Mentari menggelengkan kepalanya dengan air mata yang mulai menggenang kembali. "Aku tidak tahu, Devan... aku bersumpah aku tidak tahu siapa yang mengirim pesan itu!"
"Jangan berbohong padaku!" bentak Devan mendadak, suaranya menggelegar di dalam kamar yang sunyi itu hingga membuat Mentari tersentak ketakutan. Devan mencengkeram kedua bahu Mentari dengan erat, memaksa wanita itu menatap matanya yang kini dipenuhi oleh rasa dikhianati dan amarah yang membara.
"Sembilan tahun lalu kamu membuangku seperti sampah tanpa alasan yang jelas!

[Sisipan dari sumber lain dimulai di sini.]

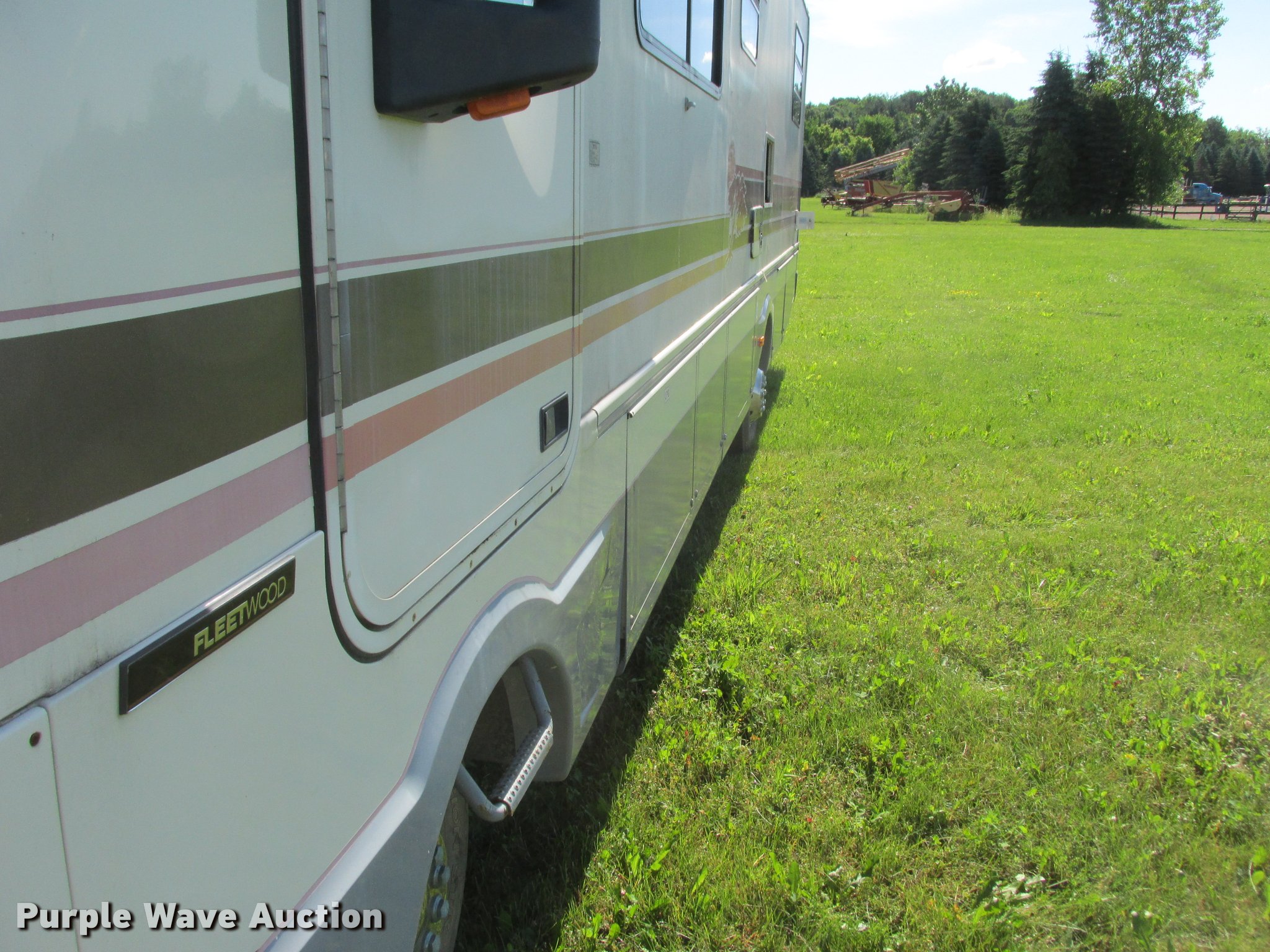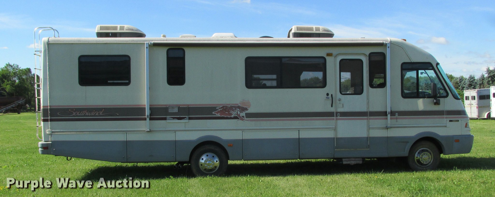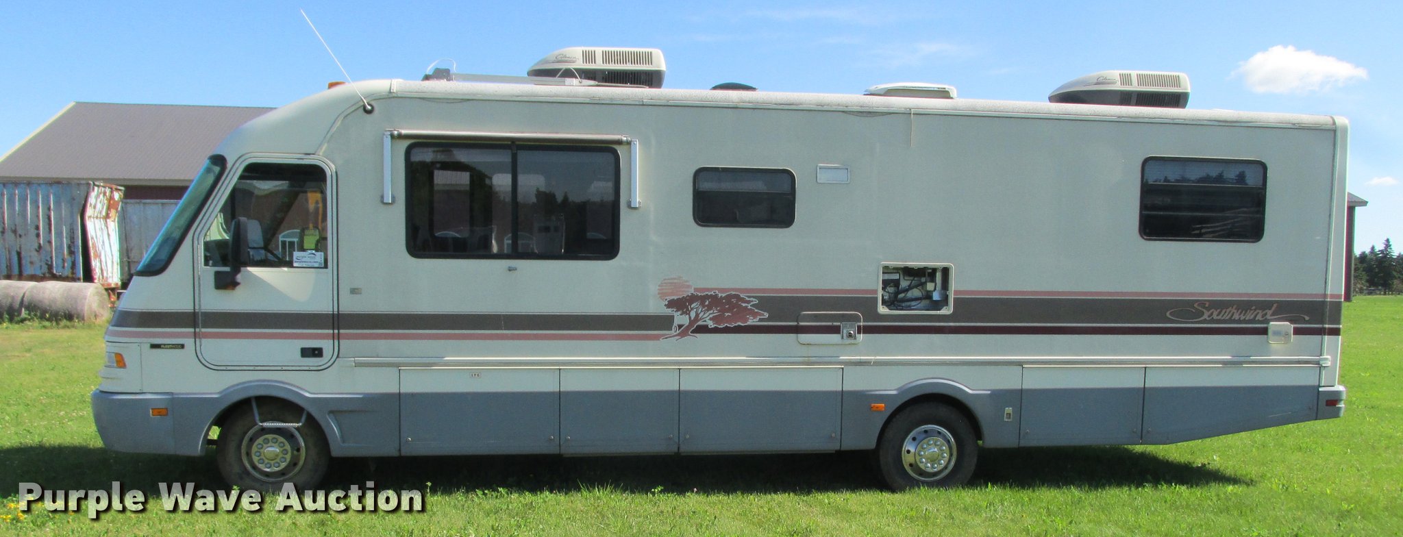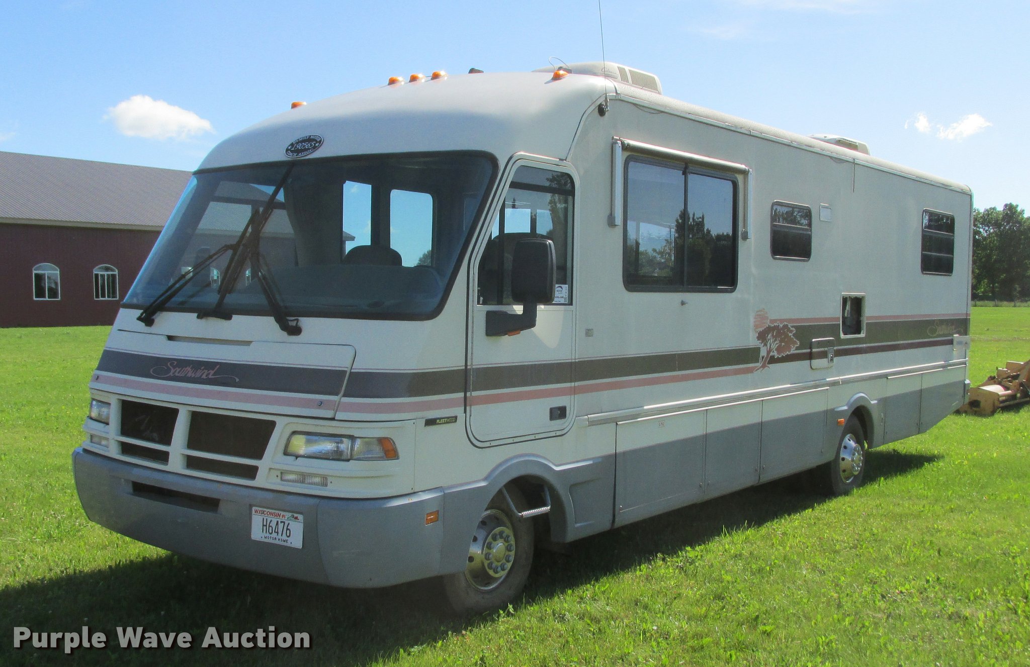Purple Wave is selling a used RV in Minnesota. This item is a 1992 Fleetwood Southwind RV with the following: 32'L, 460 C.I.D. eight cylinder gas engine, Automatic transmission, AC and heat, AM/FM/cassette, Heated mirrors, Cloth interior, Awning, Generator, Dual rooftop AC units, Propane stove, Microwave, Sink, Storage cabinets, Refrigerator/freezer, Bathroom, Television, Master bedroom, Power entry steps, Roof access ladder, Receiver hitch, Trailer wiring, 265/75R16 front tires, 235/85R16 rear tires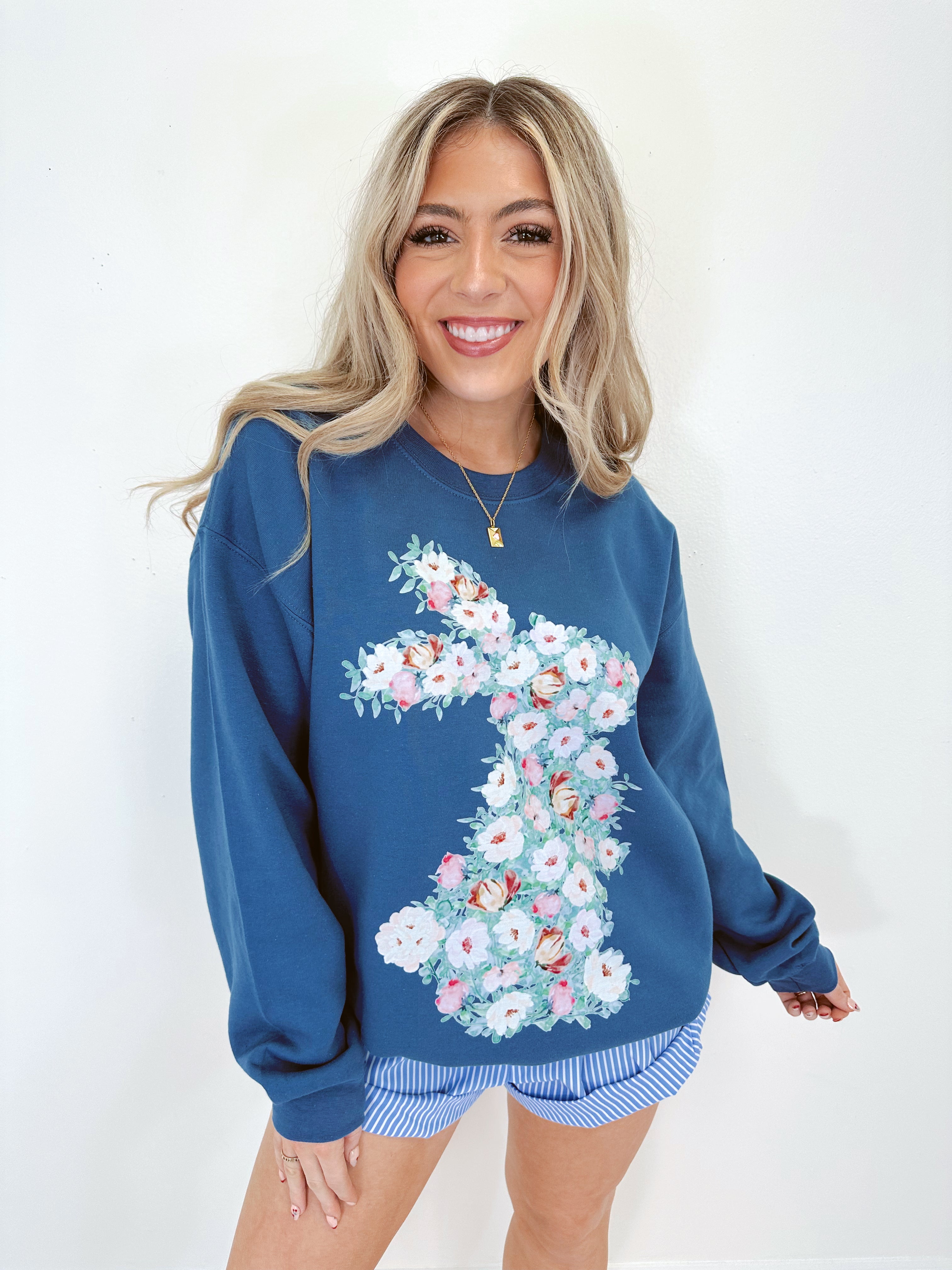 - Features a Gildan poly-cotton base, crew neck, long sleeves, graphics include a floral bunny facing the side and standing on her hind legs.

Kamu bilang kamu membenci kemiskinanku! Dan sekarang, ada seseorang yang mengancammu tentang konspirasi masa lalu yang melibatkan namaku dan ayahmu?!" Devan mencengkeram bahu Mentari sedikit lebih keras, menuntut jawaban yang telah lama dinantikannya. "Katakan padaku, Mentari! Apakah alasanmu meninggalkanku dulu... ada hubungannya dengan konspirasi yang dimaksud oleh orang ini?!"
Mentari menangis tersedu-sedu, tidak sanggup lagi menahan tekanan emosional yang bertubi-tubi menyerangnya sejak semalam. Rahasia besar yang ia simpan sendirian selama hampir satu dekade kini berada di ujung tanduk, siap meledak dan menghancurkan pria yang teramat sangat dicintainya ini di dalam sangkar emas yang dibangunnya sendiri.